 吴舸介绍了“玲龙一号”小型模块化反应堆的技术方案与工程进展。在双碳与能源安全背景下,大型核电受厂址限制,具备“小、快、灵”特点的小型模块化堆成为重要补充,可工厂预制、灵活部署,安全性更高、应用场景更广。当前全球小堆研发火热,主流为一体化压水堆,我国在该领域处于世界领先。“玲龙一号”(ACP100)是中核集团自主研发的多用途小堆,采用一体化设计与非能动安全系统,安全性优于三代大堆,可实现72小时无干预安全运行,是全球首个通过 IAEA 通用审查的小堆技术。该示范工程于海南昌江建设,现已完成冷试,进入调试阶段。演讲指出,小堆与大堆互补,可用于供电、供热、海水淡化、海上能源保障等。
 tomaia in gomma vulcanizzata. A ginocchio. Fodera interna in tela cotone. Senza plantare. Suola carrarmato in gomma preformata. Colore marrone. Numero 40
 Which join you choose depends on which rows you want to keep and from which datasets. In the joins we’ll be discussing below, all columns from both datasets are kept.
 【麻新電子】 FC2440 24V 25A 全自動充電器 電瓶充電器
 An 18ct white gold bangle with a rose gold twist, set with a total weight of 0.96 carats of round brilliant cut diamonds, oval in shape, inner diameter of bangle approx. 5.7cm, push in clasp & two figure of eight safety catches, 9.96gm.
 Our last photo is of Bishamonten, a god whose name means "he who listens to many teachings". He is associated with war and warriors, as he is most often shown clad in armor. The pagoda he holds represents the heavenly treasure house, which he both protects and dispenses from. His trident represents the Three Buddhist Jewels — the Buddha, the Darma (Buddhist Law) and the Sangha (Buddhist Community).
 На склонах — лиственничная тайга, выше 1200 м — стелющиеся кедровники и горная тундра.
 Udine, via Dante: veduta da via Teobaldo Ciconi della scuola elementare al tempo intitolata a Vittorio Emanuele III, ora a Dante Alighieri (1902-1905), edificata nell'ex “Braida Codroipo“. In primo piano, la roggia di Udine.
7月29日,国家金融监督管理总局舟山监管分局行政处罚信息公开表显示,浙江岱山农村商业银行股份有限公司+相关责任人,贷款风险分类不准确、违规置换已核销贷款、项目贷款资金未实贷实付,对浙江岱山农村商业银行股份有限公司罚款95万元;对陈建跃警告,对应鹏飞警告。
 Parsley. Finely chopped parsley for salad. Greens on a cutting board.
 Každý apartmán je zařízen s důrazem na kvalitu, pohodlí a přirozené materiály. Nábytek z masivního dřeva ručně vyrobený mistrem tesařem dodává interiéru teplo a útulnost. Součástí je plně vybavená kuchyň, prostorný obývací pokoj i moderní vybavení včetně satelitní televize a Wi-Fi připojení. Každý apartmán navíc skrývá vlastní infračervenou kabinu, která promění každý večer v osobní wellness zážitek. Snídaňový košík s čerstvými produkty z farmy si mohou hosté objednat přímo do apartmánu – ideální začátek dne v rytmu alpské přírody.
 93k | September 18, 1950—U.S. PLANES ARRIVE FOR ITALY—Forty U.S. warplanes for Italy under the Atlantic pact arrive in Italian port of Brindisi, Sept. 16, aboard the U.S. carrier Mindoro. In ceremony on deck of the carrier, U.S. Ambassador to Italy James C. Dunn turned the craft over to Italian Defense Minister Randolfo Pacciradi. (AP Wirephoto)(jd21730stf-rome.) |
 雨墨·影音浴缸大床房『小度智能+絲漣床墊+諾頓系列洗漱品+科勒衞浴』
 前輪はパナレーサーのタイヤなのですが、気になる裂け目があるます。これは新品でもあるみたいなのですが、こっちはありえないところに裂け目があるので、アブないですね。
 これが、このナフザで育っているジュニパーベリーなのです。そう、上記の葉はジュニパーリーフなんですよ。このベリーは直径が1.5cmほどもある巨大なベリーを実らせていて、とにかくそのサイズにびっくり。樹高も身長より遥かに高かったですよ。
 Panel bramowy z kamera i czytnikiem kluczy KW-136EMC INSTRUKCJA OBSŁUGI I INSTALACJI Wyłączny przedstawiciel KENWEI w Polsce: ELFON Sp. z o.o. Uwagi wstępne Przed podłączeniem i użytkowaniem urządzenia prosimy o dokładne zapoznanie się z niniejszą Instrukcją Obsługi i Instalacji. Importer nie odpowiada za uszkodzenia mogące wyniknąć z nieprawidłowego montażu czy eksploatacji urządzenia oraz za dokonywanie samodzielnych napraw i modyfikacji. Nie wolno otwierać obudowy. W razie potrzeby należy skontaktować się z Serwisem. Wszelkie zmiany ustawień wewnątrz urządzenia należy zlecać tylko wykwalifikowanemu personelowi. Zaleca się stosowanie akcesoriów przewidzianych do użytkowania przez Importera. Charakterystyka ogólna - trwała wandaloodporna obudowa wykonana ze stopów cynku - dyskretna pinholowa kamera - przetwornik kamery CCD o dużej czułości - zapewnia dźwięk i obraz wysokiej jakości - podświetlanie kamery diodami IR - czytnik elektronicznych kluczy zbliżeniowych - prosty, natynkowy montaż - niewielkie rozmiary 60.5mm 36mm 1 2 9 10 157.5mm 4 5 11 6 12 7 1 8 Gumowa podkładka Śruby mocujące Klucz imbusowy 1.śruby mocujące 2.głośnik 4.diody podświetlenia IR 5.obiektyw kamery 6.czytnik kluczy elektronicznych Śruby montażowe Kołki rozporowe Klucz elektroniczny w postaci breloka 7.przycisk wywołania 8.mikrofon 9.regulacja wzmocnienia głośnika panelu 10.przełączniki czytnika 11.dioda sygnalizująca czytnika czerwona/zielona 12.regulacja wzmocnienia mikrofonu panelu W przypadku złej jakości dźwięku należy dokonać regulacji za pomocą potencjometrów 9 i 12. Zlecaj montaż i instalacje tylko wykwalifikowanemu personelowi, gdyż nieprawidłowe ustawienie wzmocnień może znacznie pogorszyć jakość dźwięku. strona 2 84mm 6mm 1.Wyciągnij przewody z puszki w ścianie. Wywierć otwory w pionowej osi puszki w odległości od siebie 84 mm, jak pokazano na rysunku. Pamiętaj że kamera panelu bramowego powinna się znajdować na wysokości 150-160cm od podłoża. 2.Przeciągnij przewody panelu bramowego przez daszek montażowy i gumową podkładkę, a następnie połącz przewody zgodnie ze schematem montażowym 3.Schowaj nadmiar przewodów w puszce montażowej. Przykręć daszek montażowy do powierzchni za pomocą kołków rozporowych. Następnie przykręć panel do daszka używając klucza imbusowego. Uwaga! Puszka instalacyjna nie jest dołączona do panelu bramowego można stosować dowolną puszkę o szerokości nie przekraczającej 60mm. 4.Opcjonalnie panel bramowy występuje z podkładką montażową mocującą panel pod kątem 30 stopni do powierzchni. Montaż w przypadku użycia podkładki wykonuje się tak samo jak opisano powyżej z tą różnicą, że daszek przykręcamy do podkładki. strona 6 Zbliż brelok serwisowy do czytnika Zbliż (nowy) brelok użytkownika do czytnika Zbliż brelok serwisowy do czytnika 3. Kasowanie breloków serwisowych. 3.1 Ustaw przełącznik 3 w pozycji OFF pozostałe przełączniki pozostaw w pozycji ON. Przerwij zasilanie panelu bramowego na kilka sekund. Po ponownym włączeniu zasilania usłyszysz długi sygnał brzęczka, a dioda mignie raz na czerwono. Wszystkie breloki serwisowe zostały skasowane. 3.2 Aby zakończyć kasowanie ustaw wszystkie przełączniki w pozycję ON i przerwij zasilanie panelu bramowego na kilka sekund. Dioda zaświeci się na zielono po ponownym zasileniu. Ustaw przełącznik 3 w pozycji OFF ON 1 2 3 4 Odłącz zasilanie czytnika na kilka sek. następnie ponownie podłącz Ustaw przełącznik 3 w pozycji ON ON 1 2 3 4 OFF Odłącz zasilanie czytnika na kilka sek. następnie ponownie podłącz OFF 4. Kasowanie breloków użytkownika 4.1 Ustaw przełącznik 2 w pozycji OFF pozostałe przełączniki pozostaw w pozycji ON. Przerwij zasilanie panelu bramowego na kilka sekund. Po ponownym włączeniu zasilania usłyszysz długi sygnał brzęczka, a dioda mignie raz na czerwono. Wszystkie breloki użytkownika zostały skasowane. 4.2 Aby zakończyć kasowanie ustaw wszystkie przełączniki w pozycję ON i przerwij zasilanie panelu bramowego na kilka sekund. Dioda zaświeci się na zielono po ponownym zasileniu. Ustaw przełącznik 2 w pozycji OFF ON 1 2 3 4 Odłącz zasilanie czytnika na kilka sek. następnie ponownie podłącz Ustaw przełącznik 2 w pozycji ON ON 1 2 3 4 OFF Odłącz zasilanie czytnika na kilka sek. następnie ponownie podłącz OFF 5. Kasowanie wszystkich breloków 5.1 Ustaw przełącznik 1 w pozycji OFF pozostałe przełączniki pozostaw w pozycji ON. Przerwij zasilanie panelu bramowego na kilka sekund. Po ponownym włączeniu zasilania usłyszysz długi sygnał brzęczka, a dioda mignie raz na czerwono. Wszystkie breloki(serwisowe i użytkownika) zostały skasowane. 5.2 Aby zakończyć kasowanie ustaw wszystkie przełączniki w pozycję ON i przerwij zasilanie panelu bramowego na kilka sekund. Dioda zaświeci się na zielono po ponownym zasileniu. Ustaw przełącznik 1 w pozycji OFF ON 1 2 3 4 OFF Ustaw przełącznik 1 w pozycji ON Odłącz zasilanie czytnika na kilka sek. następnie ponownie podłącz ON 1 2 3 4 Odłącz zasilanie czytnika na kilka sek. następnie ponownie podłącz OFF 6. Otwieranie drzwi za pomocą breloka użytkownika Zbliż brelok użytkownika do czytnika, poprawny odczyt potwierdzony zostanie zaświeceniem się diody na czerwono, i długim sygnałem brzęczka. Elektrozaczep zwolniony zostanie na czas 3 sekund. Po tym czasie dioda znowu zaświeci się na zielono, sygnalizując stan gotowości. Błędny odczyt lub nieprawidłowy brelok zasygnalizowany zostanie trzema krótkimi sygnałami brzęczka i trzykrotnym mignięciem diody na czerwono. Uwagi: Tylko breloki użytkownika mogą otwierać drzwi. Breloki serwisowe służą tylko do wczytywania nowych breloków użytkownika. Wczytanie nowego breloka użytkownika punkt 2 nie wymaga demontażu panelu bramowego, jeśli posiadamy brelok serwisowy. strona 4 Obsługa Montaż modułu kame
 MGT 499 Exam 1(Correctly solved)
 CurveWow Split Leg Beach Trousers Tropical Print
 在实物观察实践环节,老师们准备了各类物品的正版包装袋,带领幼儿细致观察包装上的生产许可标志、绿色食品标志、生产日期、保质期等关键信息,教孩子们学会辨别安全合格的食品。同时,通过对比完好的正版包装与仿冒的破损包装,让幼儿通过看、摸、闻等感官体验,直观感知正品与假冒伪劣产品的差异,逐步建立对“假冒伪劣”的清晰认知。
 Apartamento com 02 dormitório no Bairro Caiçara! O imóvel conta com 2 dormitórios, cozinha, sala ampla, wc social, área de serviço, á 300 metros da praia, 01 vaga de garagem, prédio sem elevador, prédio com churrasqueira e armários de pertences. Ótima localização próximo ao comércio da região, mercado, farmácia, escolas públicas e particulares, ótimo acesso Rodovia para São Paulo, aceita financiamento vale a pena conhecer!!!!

Description of the task> Reproduce word for word the material above, starting with the line that has "Parsley. Finely chopped" and stopping after the line that has "Každý apartmán je".

Exercise response>
 Parsley. Finely chopped parsley for salad. Greens on a cutting board.
 Každý apartmán je zařízen s důrazem na kvalitu, pohodlí a přirozené materiály. Nábytek z masivního dřeva ručně vyrobený mistrem tesařem dodává interiéru teplo a útulnost. Součástí je plně vybavená kuchyň, prostorný obývací pokoj i moderní vybavení včetně satelitní televize a Wi-Fi připojení. Každý apartmán navíc skrývá vlastní infračervenou kabinu, která promění každý večer v osobní wellness zážitek. Snídaňový košík s čerstvými produkty z farmy si mohou hosté objednat přímo do apartmánu – ideální začátek dne v rytmu alpské přírody.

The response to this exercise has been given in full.